* Problem to work on
The data below should be restated word for word, with every picture omitted.

* Dataset excerpt
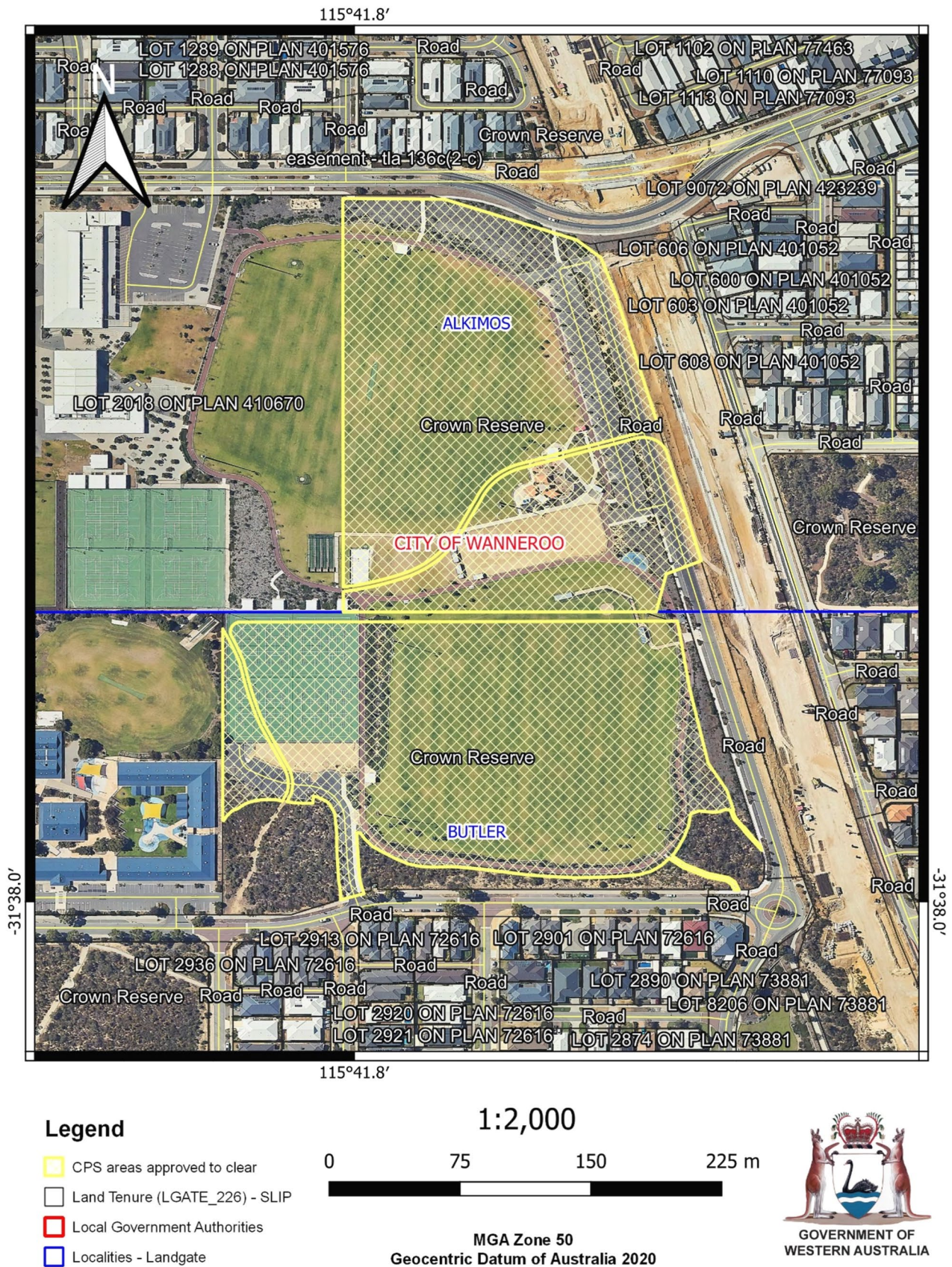
Figure 1: Map of the application area. The areas crosshatched yellow, indicate the areas authorised to be cleared under the granted clearing permit.
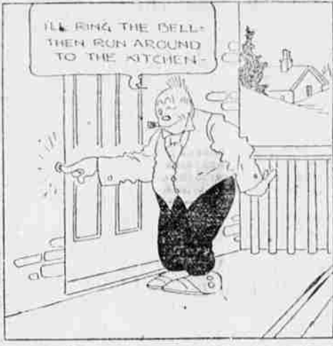
ILL RING THE BELL THEN RUN AROUND TO THE KITCHEN.
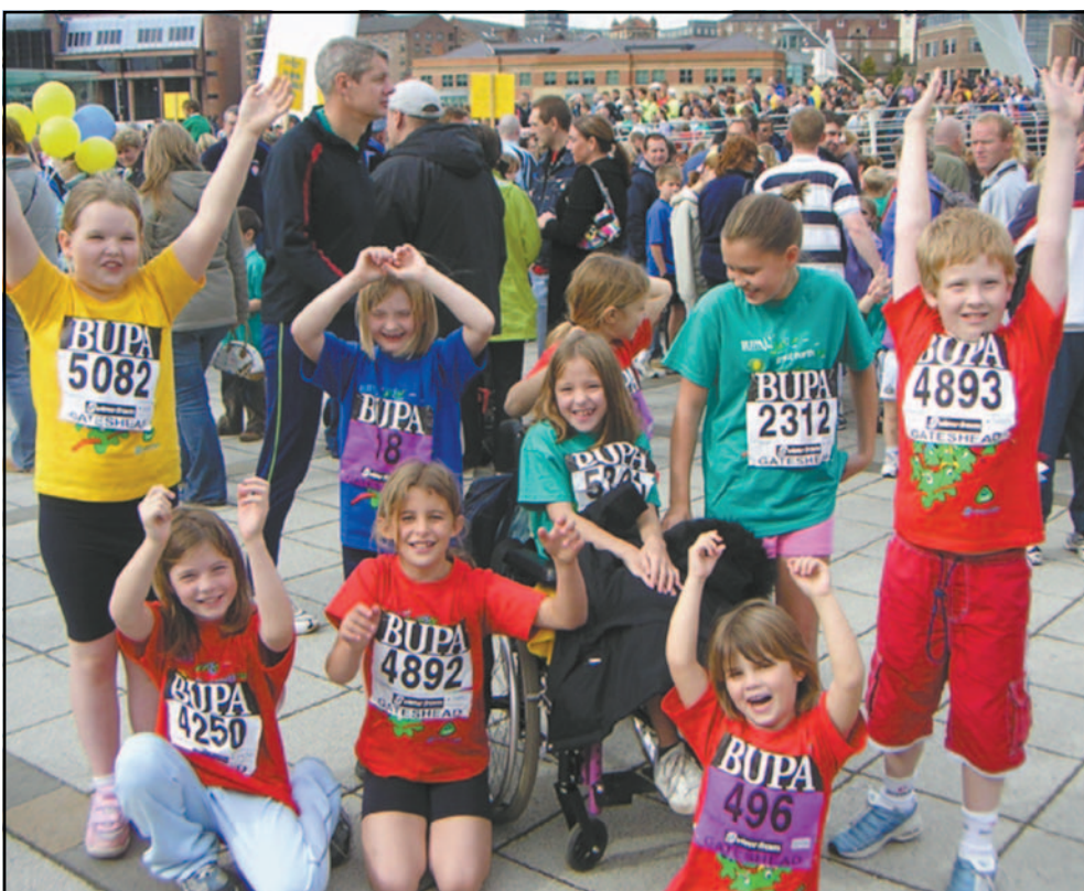
FINISHED: Junior Great North Run 2004

* Solution for this task
Figure 1: Map of the application area. The areas crosshatched yellow, indicate the areas authorised to be cleared under the granted clearing permit.
ILL RING THE BELL THEN RUN AROUND TO THE KITCHEN.
FINISHED: Junior Great North Run 2004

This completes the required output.